> [SUPPLIED ENTRIES]

· · · · · · ·

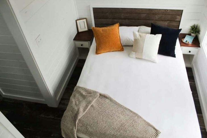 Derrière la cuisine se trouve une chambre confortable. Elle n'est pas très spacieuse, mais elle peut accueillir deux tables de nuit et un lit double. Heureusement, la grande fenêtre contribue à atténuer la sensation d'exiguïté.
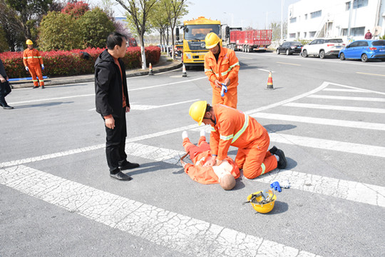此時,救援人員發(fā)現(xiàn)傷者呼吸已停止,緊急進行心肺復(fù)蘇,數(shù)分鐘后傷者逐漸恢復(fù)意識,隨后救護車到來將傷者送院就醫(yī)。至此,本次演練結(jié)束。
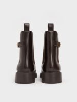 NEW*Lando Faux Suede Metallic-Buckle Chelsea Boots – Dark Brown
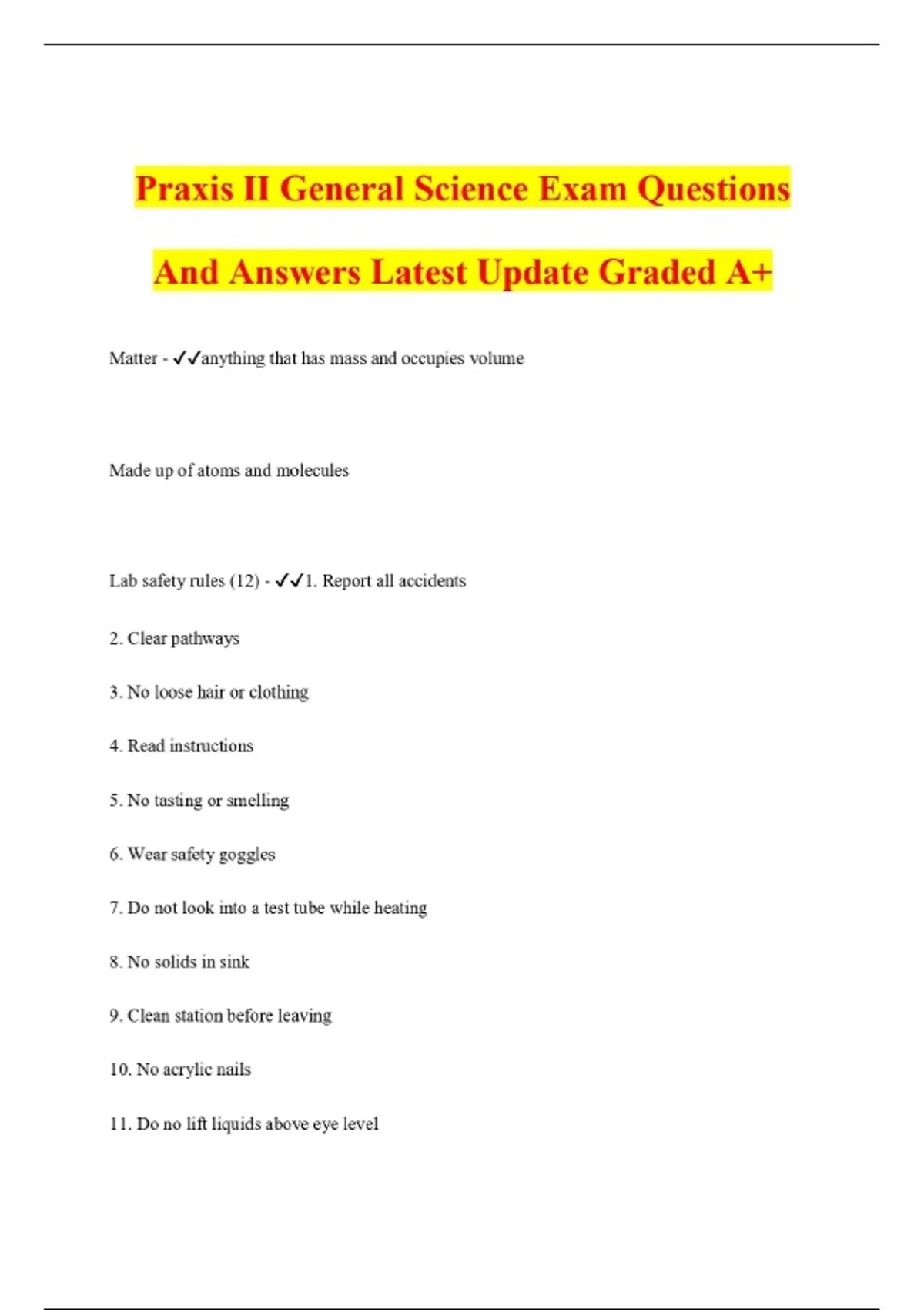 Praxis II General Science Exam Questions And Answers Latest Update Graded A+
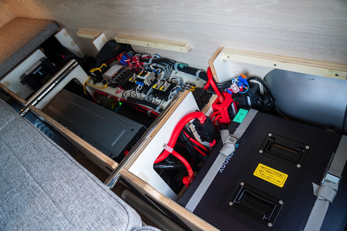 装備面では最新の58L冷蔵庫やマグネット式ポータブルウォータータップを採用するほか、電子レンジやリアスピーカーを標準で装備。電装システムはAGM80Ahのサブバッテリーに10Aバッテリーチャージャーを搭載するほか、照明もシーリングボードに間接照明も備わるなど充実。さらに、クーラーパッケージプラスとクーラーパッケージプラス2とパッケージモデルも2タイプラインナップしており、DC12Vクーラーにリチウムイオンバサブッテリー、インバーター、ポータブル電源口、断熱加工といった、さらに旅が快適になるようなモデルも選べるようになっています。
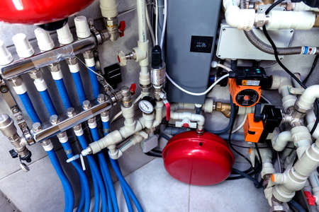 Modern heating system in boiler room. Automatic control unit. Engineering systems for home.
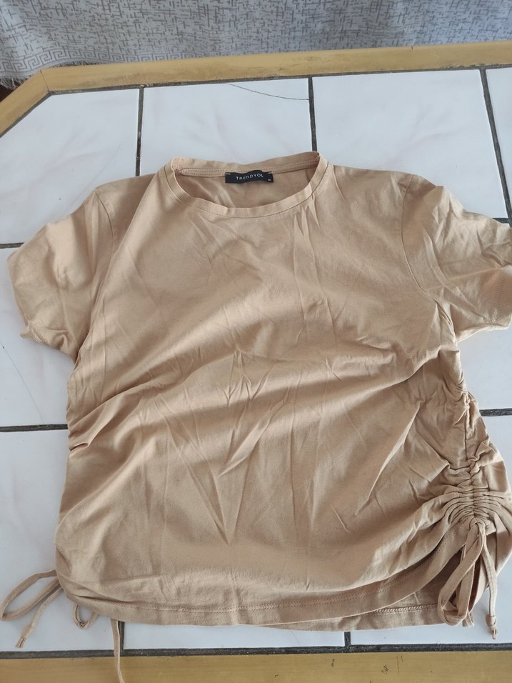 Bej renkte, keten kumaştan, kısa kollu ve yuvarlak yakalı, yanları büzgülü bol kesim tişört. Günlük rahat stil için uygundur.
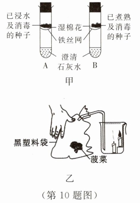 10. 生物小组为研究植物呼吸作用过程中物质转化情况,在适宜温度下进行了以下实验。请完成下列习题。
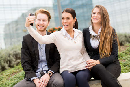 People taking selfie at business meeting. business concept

· · · · · · ·

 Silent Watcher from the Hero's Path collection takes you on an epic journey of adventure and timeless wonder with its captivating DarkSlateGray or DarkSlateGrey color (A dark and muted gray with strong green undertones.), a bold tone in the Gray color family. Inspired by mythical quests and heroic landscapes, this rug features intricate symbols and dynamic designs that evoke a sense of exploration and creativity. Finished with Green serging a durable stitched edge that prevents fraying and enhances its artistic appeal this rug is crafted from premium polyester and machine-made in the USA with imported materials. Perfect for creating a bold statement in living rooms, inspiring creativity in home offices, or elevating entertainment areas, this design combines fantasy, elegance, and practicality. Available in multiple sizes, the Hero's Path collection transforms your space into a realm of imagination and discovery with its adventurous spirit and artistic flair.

· · · · · · ·

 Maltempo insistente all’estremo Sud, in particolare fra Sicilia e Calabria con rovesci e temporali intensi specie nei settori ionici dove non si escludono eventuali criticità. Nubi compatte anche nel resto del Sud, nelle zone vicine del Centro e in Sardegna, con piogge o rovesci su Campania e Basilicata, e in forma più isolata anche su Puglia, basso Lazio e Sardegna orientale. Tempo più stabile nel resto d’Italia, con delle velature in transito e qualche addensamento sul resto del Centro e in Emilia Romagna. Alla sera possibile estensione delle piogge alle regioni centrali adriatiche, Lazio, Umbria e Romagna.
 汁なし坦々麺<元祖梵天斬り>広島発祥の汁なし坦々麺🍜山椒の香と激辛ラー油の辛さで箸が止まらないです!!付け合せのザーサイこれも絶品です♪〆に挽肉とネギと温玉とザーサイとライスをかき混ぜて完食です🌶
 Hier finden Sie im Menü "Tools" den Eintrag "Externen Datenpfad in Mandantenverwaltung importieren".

· · · · · · ·

> [AIM OF THE EXERCISE] Beginning at the line that has "Bej renkte, keten" and ending at the line that has "People taking selfie", restate the listing above word for word, pictures left out.

> [EXERCISE RESPONSE]
 Bej renkte, keten kumaştan, kısa kollu ve yuvarlak yakalı, yanları büzgülü bol kesim tişört. Günlük rahat stil için uygundur.
 10. 生物小组为研究植物呼吸作用过程中物质转化情况,在适宜温度下进行了以下实验。请完成下列习题。
 People taking selfie at business meeting. business concept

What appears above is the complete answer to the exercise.